Prospective immigrants need to achieve 75 points to get in and points are awarded them for skills including having a degree, plying a trade currently in short supply, or having loads and loads of money in the bank.

This all sounds fine, and it starts sounding even better when the government claims the new system will streamline the maddeningly bureaucratic processes of the more than 80 acceptable ways to get into the UK at the moment.

A scratch of the surface however shows this initiative to be pure hokum. No one with any useful skill or large bank balance will be affected by these new measures, with the system having been designed to keep this economically viable people coming to Britain.

Nor will this policy be the saving grace for the jobs of the British working class either, as it is touted by certain opportunistic Labour MPs. Britain's membership of the EU stipulates that no restrictions can be put on the movement of people from one member state to another, so a steady flow of unskilled workers will continue to arrive from eastern European members states.

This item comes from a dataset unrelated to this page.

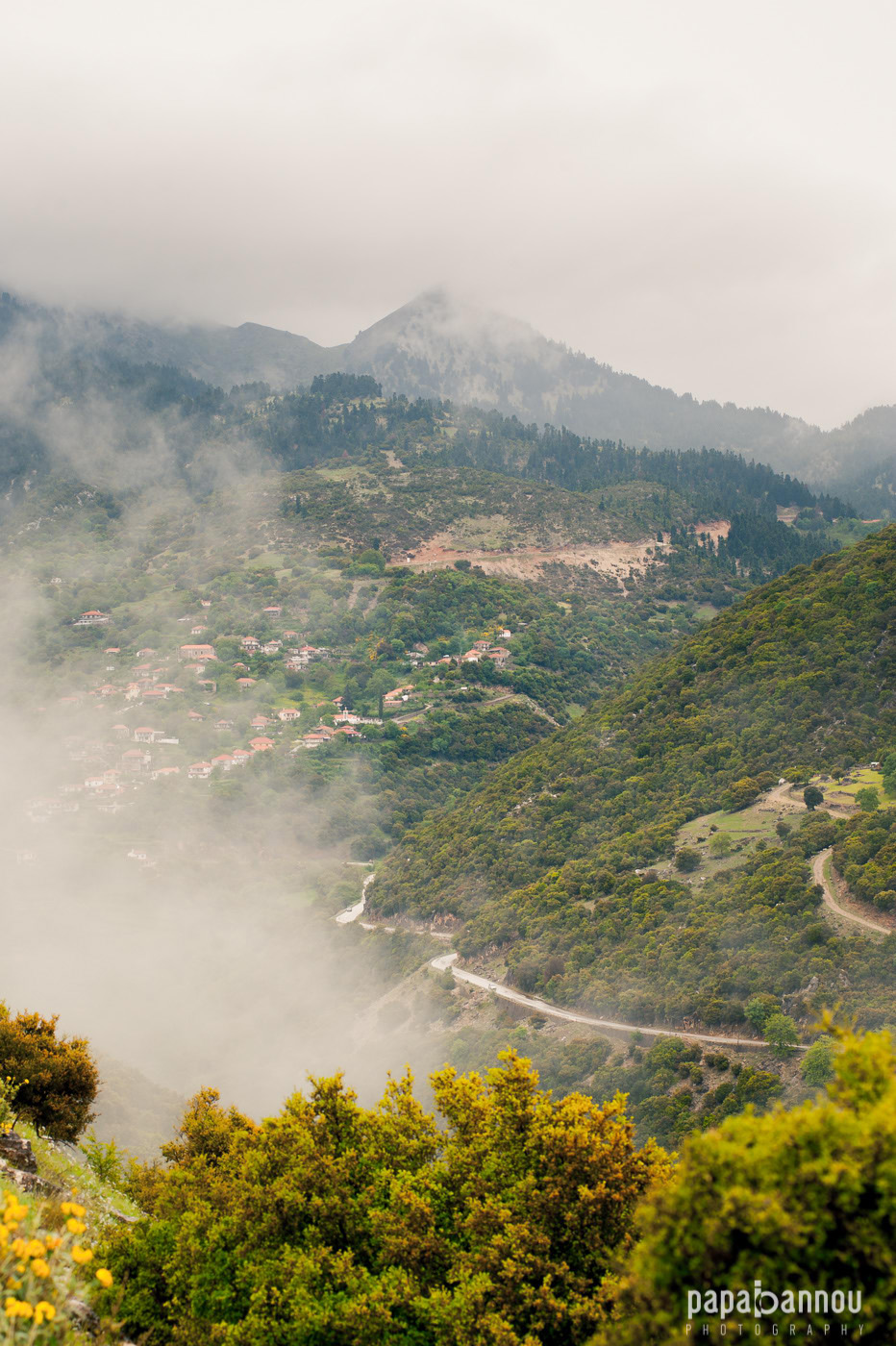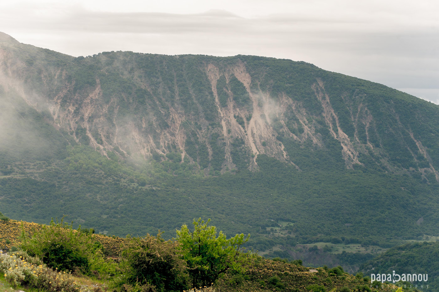 Θυμήθηκα τον μύθο, προσπάθησα να τον ταιριάξω στο σήμερα, ο καιρός ήταν ο κατάλληλος. Άγρια ομορφιά, βροχερή μέρα, έσμιγε ο ουρανός με τη γη – σφίγγεται η ψυχή του ανθρώπου λένε όταν βρέχει, γιατί νοιώθει την παρουσία του Θεού. Ο ήλιος είχε κρυφτεί, τα πάντα μουσκεμένα γύρω μου, τα χρώματα ζωντένεψαν στα βρεγμένα φύλλα, στο φρέσκο χορτάρι, στα λιγοστά αγριολούλουδα και τις φτέρες. Ανέβηκα μέχρι τη Δίβρη, δεν ήθελα να χάσω αυτήν την εναλλαγή, ήθελα να μείνω όσο περισσότερο γινόταν μέσα σ’ αυτό το μαγικό μπαλκόνι γης, που μπορεί να σε ταξιδέψει στον χρόνο και στην μνήμη.

This constant supply of cheap, easily exploitable and easily disposable labour will ensure that the profits of multi-nationals operating in Britain keep rising.

The question now is simple: If nothing really changes, what's the point of this new policy? And that's the fiendishly clever part. While unskilled workers from within the EU will be allowed in, unskilled workers from outside will not, and when the government says  "outside the EU" you can safely assume they mean people from  "non-white" countries.

This inevitably leads to the second question: Why is an unskilled, white, Christian worker more acceptable than an Asian Hindu or Muslim one? That's a little bit harder to answer.

This policy will stop anyone from the British Commonwealth or elsewhere entering Britain as long as big business has no need for them. For Gordon Brown this is a nasty, cynical job done well. The ugly, racist fears of Daily Mail readers not wanting to be  "swamped" are allayed, Mr Brown is seen to be doing something rather than dithering for a change on the thorny question of immigration, and no business interests are harmed whatsoever.

This policy is political grandstanding of the worst kind and should be seen as such. It will have no impact on the lives of everyday citizens, it makes a mockery of the idea of the globalisation New Labour claims to hold so dear, and is appealing to the lowest instincts of human nature in an attempt to look strong and pro-active.

Among all this talk of a  "Britain Day" and how we're losing our national identity, it's worth remembering that this country is founded on wave after wave of immigration, all of which shaped that identity heavily and put the 'Great' in our name. To keep other cultures out will only make our own more stagnant. And the the British economy much less competitive in the world.